Té blancoLas Propiedades del Té Blanco

Suave, aromático, agradable, evocador… el té blanco, practicamente desconocido hasta ahora, es la perla más preciada en el mundo del té. Se produce principalmente en China, en las altas montañas de la provincia de Fujian, cuidando especialmente todos los detalles en su proceso de producción.

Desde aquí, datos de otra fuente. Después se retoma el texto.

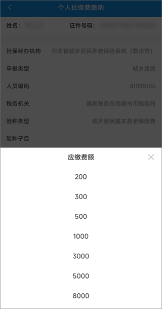 6、选择“核定申报”后,系统会带出该缴费人的核定信息,核对缴费金额无误后,直接点击“确认”提交缴费信息,进入缴费界面,缴费人需要选择缴费年度、应缴费额(可以选择200、300、500、1000、3000、5000、8000,共7个档次),全部信息核对无误后点击“确认”可跳转支付宝界面进行支付缴费。
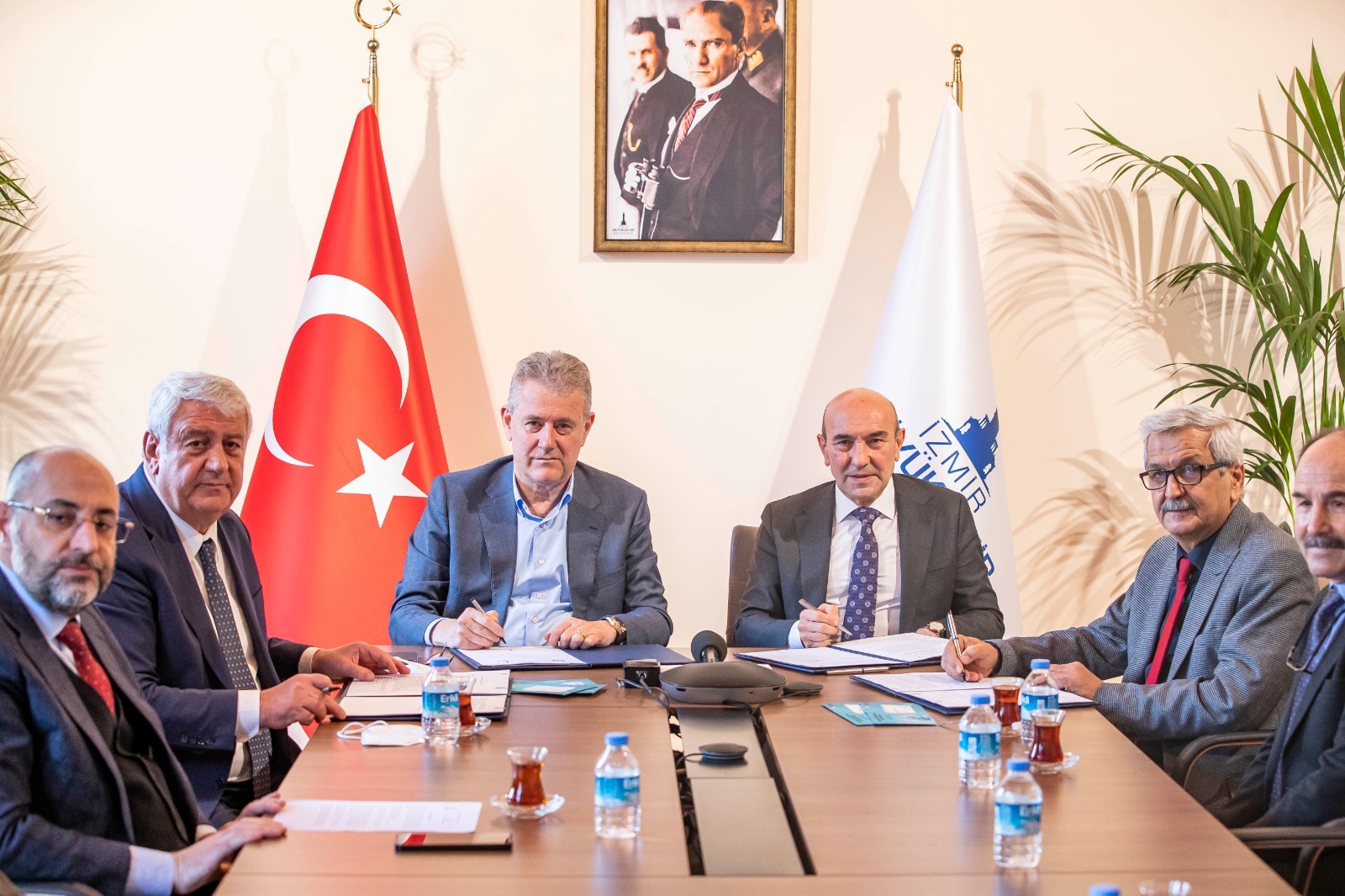 Egemenlik Evi Başkanlık Ofisi’ndeki imza törenine İzmir Büyükşehir Belediye Başkanı Tunç Soyer, İzmir Ticaret Odası (İZTO) Başkanı Mahmut Özgener, İzmir Esnaf ve Sanatkârlar Odaları Birliği (İESOB) Başkanı Zekeriya Mutlu, İzmir Kitap ve Kırtasiyeciler Esnaf Odası Başkanı Hulusi Demir, İzmir Kitap ve Kırtasiyeciler Esnaf Odası Başkanvekili Hasan Ermiş ile İzmir Büyükşehir Belediyesi Genel Sekreteri Dr. Buğra Gökçe ve İzmir Büyükşehir Belediyesi Genel Sekreter Yardımcısı Ertuğrul Tugay katıldı.
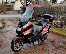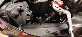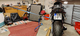 Annettiin pyörän olla ainoalla sivujalallaan ja täytettiin öljyt sisään. Ihmeteltiin kun mittatikku ei kastunut. No lisää öljyä sisään ja lopulta mittatikkua paikalla käyttämällä (ruuvaamatta kiinni) saatiin öljynpinta mittatikun ylärajaan.
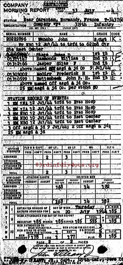 | 2nd Lieutenant Hammonds was a member of F Company. The morning report for July 13, 1944 on page 34 lists him joining F Company together with several other officers on July 9, 1944. The morning report for August 13, 1944 on page 21 lists him as killed in action on August 5, 1944 together with two other officers but he is listed as a First Lieutenant. This error is corrected on page 31. All pages can be seen below. |
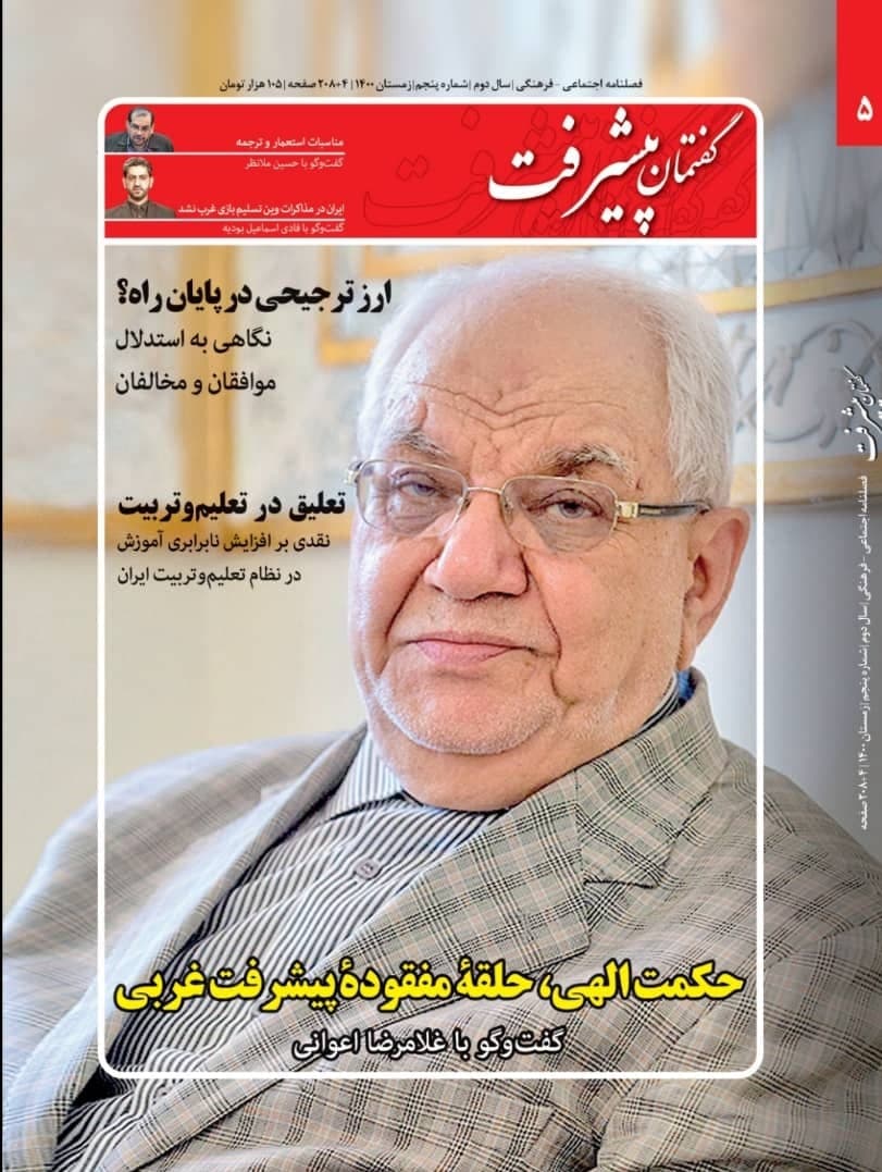 به گزارش خبرگزاری صداوسیما، شماره نوروزی گفتمان پیشرفت تیتر یک خود را به گفتگو با غلامرضا اعوانی، چهره ماندگار فلسفه کشور اختصاص داد.
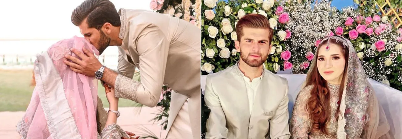 شاہین نے شادی کے بعد اہلیہ انشا کے ہمراہ تصو...
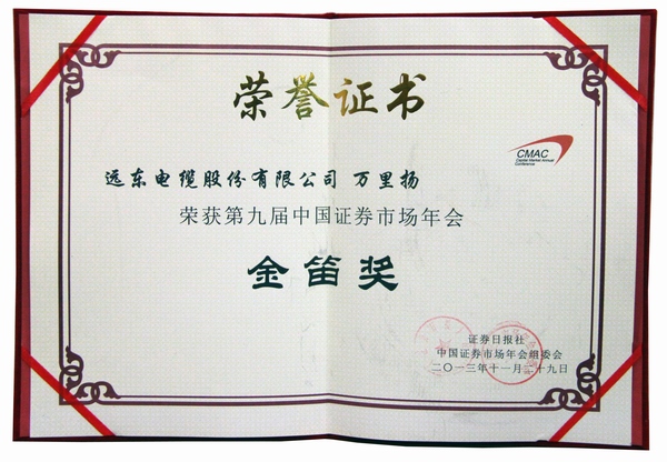 11月29日,第九届中国证券市场年会暨颁奖典礼隆重召开。远东电缆股份有限公司董秘万里扬在近2500位主板上市公司董秘中脱颖而出,继获得“金牌董秘”、“百佳董秘”等殊荣后,再度斩获本届“金笛奖·年度最佳董秘”这一重磅奖项。
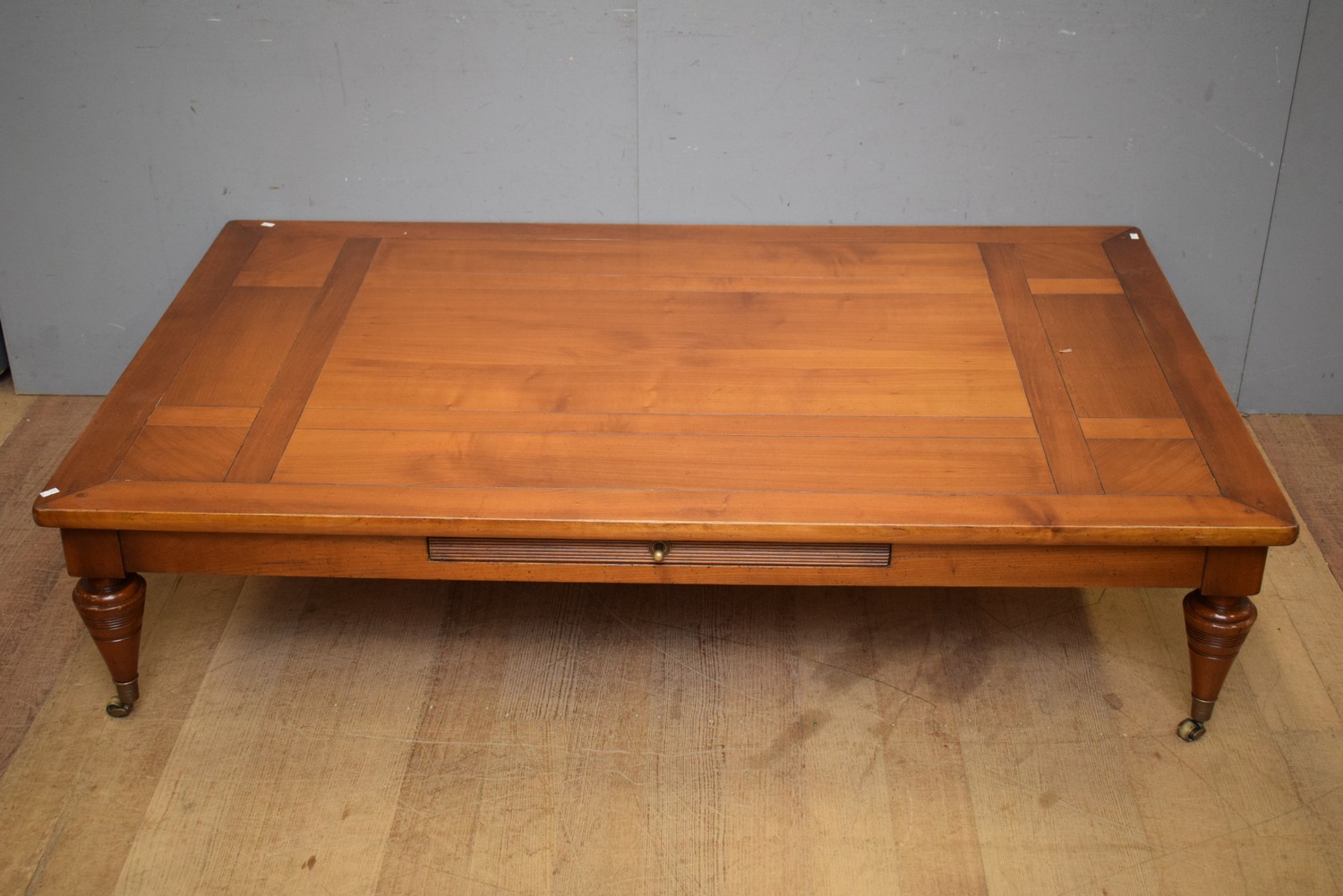 A PROVINICIAL STYLE LOWLINE COFFEE TABLE ON CASTORS ( 37H X 160W X 101D CM) (PLEASE NOTE THIS HEAVY ITEM MUST BE REMOVED BY CARRIERS AT THE CUSTOMER'S EXPENSE. LEONARD JOEL STAFF CANNOT ASSIST CARRYING THIS ITEM) (X-LARGE ITEM)

En la mayoría de las regiones en las que se cultiva el té, se cosecha durante todo el año debido a su clima cálido. Sin embargo, en Fujian el té no crece durante el invierno y es en primavera cuando se pueden ver los primeros brotes.

Durante sólo unos días, cuando las hojas del té están brotando, después de un invierno de letargo, se recogen únicamente los brotes más jóvenes, aún cubiertos de un corto vello blanco. En este momento los brotes están llenos de energía y de todos los nutrientes. Por todo ello el té blanco (conocido como el Yinzhen (agujas de plata) es un té de diferente precio de los demás, exquisito y saludable.

Una vez recolectado el té blanco apenas se manipula, se seca al aire manteniéndose todas sus propiedades.

El té blanco ha sido descubierto recientemente como el antioxidante natural más eficaz de la naturaleza. Es más eficaz que el té verde porque contiene tres veces más polifenoles; un potente antioxidante presente en todos los tipos de té y muy conocidos por aumentar las defensas del organismo y neutralizar la actividad de los radicales libres.

Los radicales libres causan una oxidación de las células que, en ocasiones, pueden provocar cáncer. Gracias a estos polifenoles se neutraliza en parte la acción de los radicales libres.

Por otro lado, el té blanco es capaz de proteger la producción de lípidos. Además este té por sí solo es más eficaz que la vitamina C y la vitamina E juntas.